We can quickly find the possible order of matrices by using permutation, n!, where n is the number of items to be arranged.

We can rearrange the elements of possible matrices by changing the locations of 1's in each row and column.

Permutation matrix products

We could extend this idea by considering products of the permutation matrices amongst themselves.

For example, we notice that for any P_i for i=1 to 6, we have that P_1\times P_i=P_i, simply because P_1 is the identity matrix.

But what about other products? Products like P_2\times P_3 or P_4\times P_6.

For the product P_2\times P_3 we have:

\begin{bmatrix} 1 & 0 & 0\\ 0 & 0 & 1 \\ 0 & 1 & 0 \end{bmatrix} \begin{bmatrix} 0 & 1 & 0\\ 1 & 0 & 0 \\ 0 & 0 & 1 \end{bmatrix} = \begin{bmatrix} 0 & 1 & 0\\ 0 & 0 & 1 \\ 1 & 0 & 0 \end{bmatrix}

The multiplication is very easy once you understand what is happening. You may need to read the following logic a few times, but it is worth it, particularly when you have many products to calculate:

  • We start in the usual way with the first row of P_2 and the first column of P_3. We then notice that the two zeros in the first row of P_2 eliminate whatever numbers are in the second and third positions of the first column of P_3. In other words the (1,1)–element of P_3 is being selected for the (1,1)–element in the product.

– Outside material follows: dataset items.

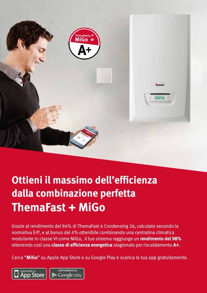 Grazie al rendimento del 94% di ThemaFast 4 Condensing 26, calcolato secondo la
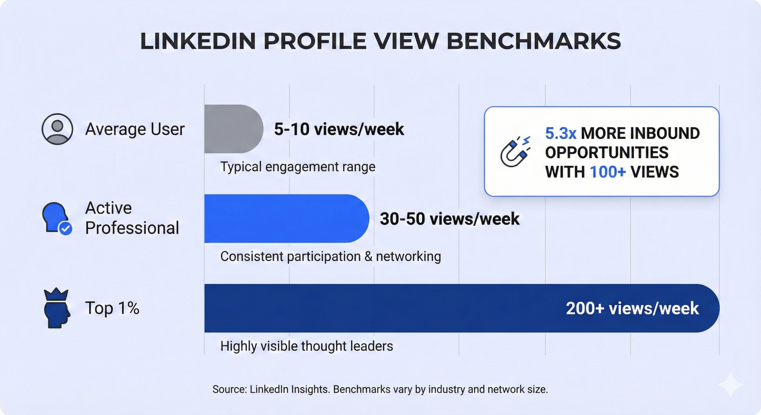 - Average LinkedIn user gets 5-10 profile views per week – passive existence baseline, not actual growth or engagement
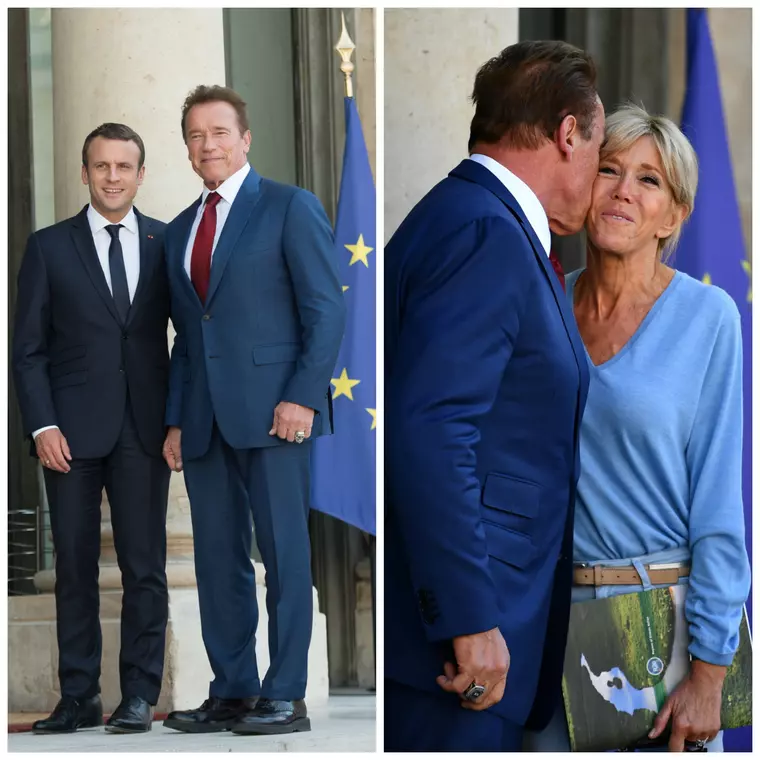 Întâlnirea dintre Schwarzie și Emmanuel Macron a stârnit parcă și mai mult interes decât încălzirea globală, cei doi făcând deliciul presei, însă de departe cel mai fotografiat moment a fost cel în care actorul a sărutat-o pe obraz pe Prima Doamnă a Franței. Nu știm dacă Brigitte Macron a fost luată prin surprindere de acest gest ce contravine total protocolului, cert e că, după câte se vede, pare chiar încântată de atenția pe care i-o acordă Mr. Universe, chiar dacă are un soț cu 30 de ani mai tânăr ca domnul cu mușchi din fotografie.

    This image shows the matrices above highliting each one's first element.

    1 selects 0 to place in the (1,1)–element in the product.

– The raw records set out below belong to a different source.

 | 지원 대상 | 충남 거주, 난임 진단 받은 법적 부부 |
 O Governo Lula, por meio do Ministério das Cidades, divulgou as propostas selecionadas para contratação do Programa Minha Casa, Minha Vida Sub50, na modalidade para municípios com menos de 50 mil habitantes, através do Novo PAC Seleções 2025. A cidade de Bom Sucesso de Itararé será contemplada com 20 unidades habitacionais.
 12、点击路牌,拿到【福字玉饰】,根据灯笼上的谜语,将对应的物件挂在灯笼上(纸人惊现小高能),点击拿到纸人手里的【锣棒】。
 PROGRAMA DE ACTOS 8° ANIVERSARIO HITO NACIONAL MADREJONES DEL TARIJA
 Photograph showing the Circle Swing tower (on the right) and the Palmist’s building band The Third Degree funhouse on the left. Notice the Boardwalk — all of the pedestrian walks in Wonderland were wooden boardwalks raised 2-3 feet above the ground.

  • Similarly, in row 2 of P_2, the 1 occurs at the end of the row. This means that the third element of column 1 of P_3 is being selected for the (2,1)–element of the product.

    This image shows the matrices above highlighting elements. Ask your teacher for more information.

    1 selects 0 to place in the (2,1)–element in the product.

  • Finally, in row 3 of P_2, the 1 occurs in the second position, and so the second row of column 1 of P_3 is being selected for the (3,1)–element of the product.

    This image shows the matrices above highlighting elements. Ask your teacher for more information.

    1 selects 1 to place in the (3,1)–element in the product.

Multiplying the six permutation matrices by themselves means we can generate a table of 36 products. There is not the space to show all 36 products in the table, but there is one thing to realise before we start.

If all we are doing through multiplication is swapping the position of the rows, then every single product we generate must also be a permutation matrix. Look back and see, for example, that P_2\times P_3=P_4.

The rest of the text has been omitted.